OECD comparisons reveal an unflattering picture of inequality in NZ – could that change?
- Written by Colin Campbell-Hunt, Emeritus Professor in Business, University of Otago
Recent research showing the richest New Zealanders pay less tax[1] than their counterparts in nine similar OECD countries raises, yet again, serious questions about wealth, equality and fairness.
How unequal is the distribution of income in New Zealand? How do we compare with some of the countries we might benchmark against? And, if we don’t like what we see, can we change it?
The metric most widely used by economists to measure inequality in incomes is called the Gini coefficient[2] (named after the Italian statistician Corrado Gini who developed it).
It brings together income data across all households, typically divided into groupings of 10% or 20% of the total. When there is no inequality of incomes between groups, Gini equals zero. When the top group captures all income, Gini equals 1.
Measuring inequality
The graph below shows Gini coefficients, before taxes and welfare payments (known as “transfers”), for all 37 countries in the OECD in 2019 (before the COVID pandemic disrupted household surveys). Ginis are ranked left to right, from least to most unequal.

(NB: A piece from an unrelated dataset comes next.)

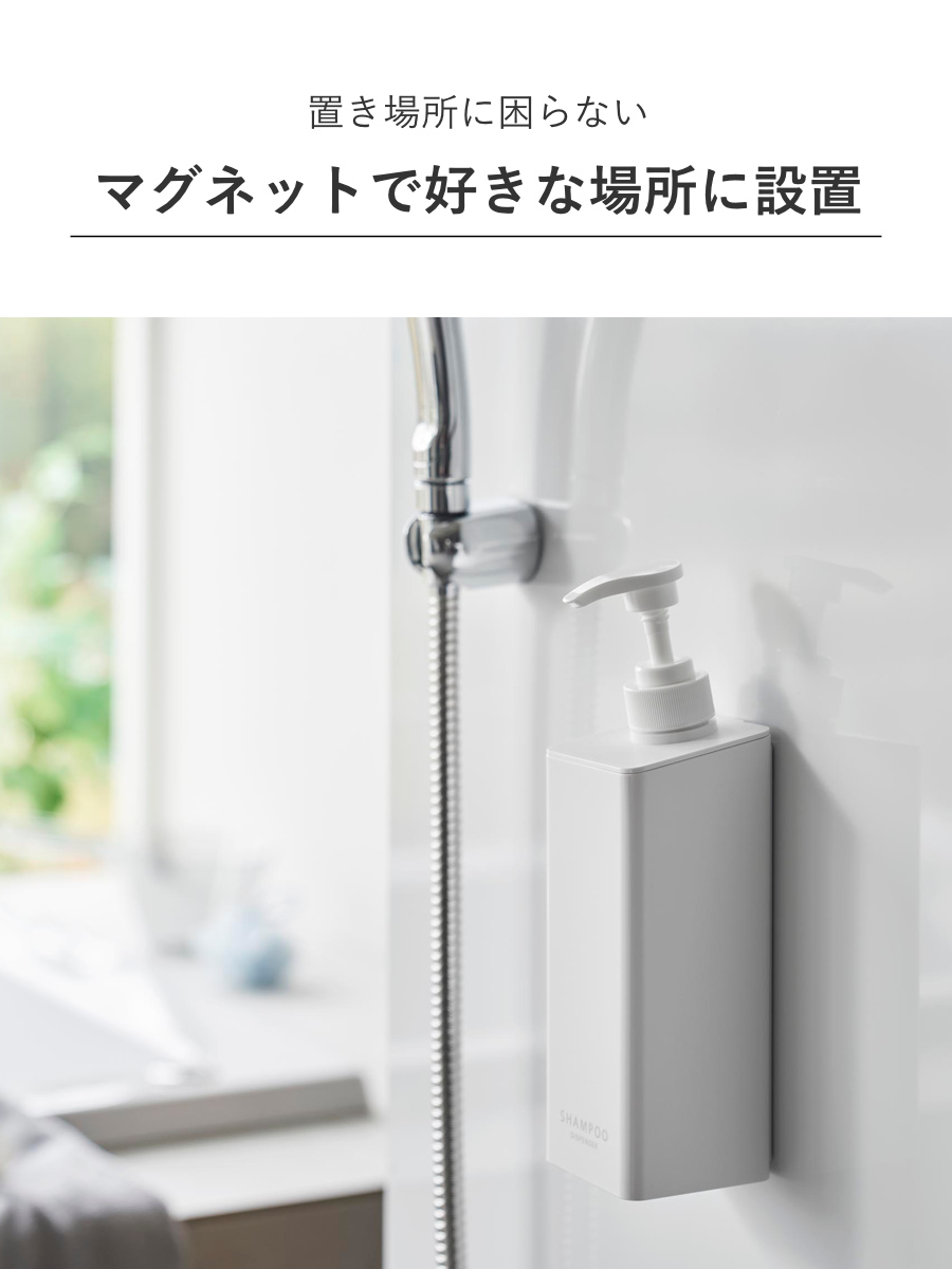マグネットがつく壁面ならどこでも取り付けできる、ディスペンサーボトルです。ラックなど置くスペースがなくても置き場所に困らず設置できます。浮かせて設置できるので、底のヌメりも気にならず衛生的です。

The Gini before taxes and transfers is a measure of the inequality produced by the structures of a country’s economy: the way value chains operate, the markets for products and services, the scarcity of certain skills, rates of unionisation, and so on.
This gives us a measure of structural inequalities in a country. Governments, however, use taxes and transfers to shift income between households. They take taxes from some and boost incomes of the more disadvantaged.
Ginis of incomes after taxes and transfers give us a measure of how well members of a society can support similar standards of living. They are shown in the following graph, again from least to most unequal. These give us a measure of social inequalities.
Focusing just on social inequality, it is no surprise Scandinavian countries are among the least unequal, as well as Canada and Ireland. Neither is it surprising the UK and US approach the highest levels of social inequality in the OECD.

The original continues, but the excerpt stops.